_PROVIDED DATA:_

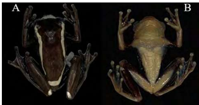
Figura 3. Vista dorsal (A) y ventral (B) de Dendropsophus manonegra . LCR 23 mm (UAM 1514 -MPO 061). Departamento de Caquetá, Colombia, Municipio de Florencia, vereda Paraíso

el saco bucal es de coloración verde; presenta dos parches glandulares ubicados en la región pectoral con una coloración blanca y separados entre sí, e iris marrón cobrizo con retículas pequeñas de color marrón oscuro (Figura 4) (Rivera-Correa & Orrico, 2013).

* * *

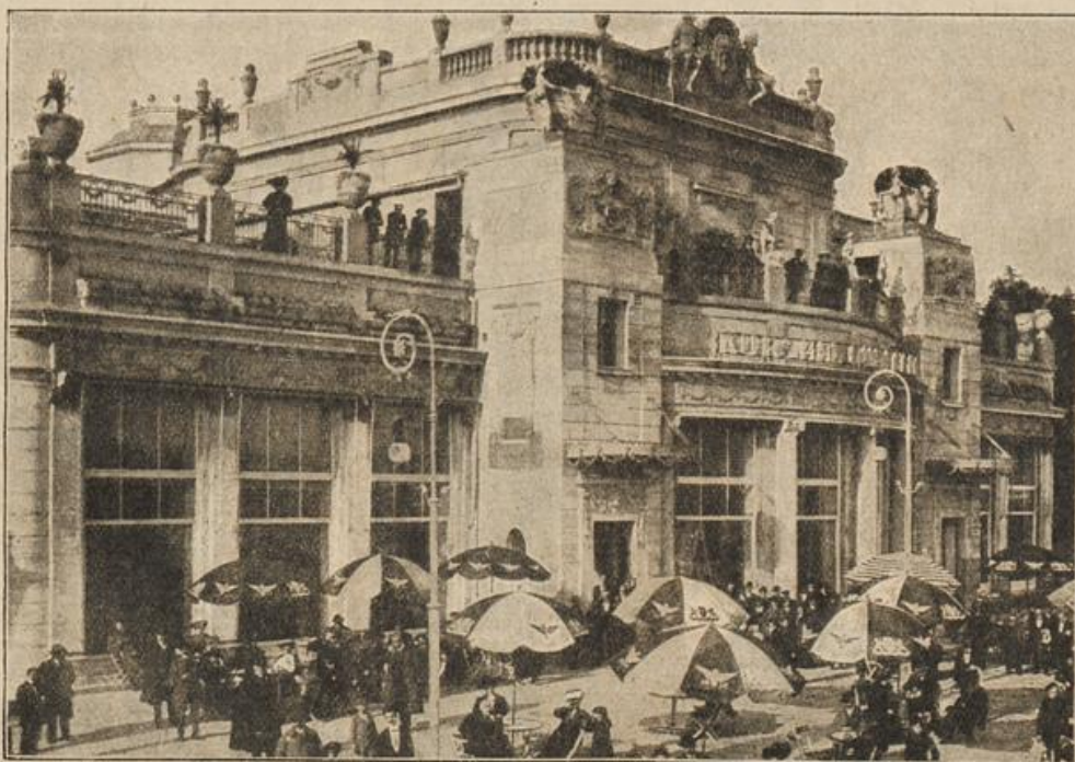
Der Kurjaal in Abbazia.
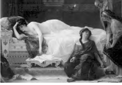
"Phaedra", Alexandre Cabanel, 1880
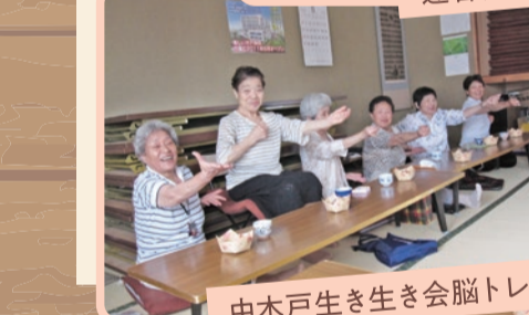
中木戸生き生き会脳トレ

* * *

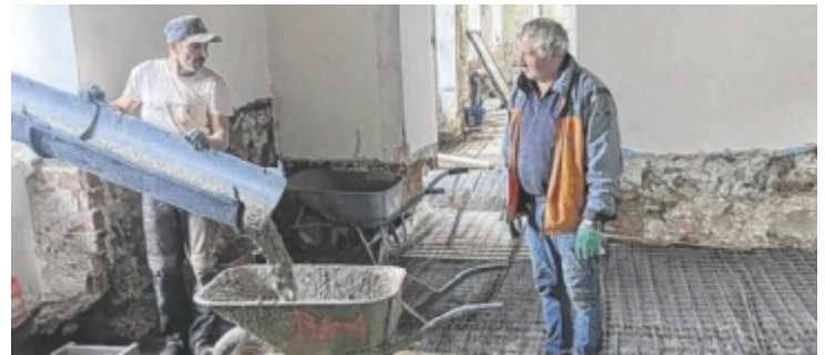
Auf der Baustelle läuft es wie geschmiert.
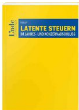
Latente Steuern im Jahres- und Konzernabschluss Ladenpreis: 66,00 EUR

_TASK ITEM:_
What is asked for is an exact copy of the lines above from the one containing "Figura 3. Vista" through the one containing "el saco bucal", and only those.

_EXPECTED OUTPUT:_
Figura 3. Vista dorsal (A) y ventral (B) de Dendropsophus manonegra . LCR 23 mm (UAM 1514 -MPO 061). Departamento de Caquetá, Colombia, Municipio de Florencia, vereda Paraíso

el saco bucal es de coloración verde; presenta dos parches glandulares ubicados en la región pectoral con una coloración blanca y separados entre sí, e iris marrón cobrizo con retículas pequeñas de color marrón oscuro (Figura 4) (Rivera-Correa & Orrico, 2013).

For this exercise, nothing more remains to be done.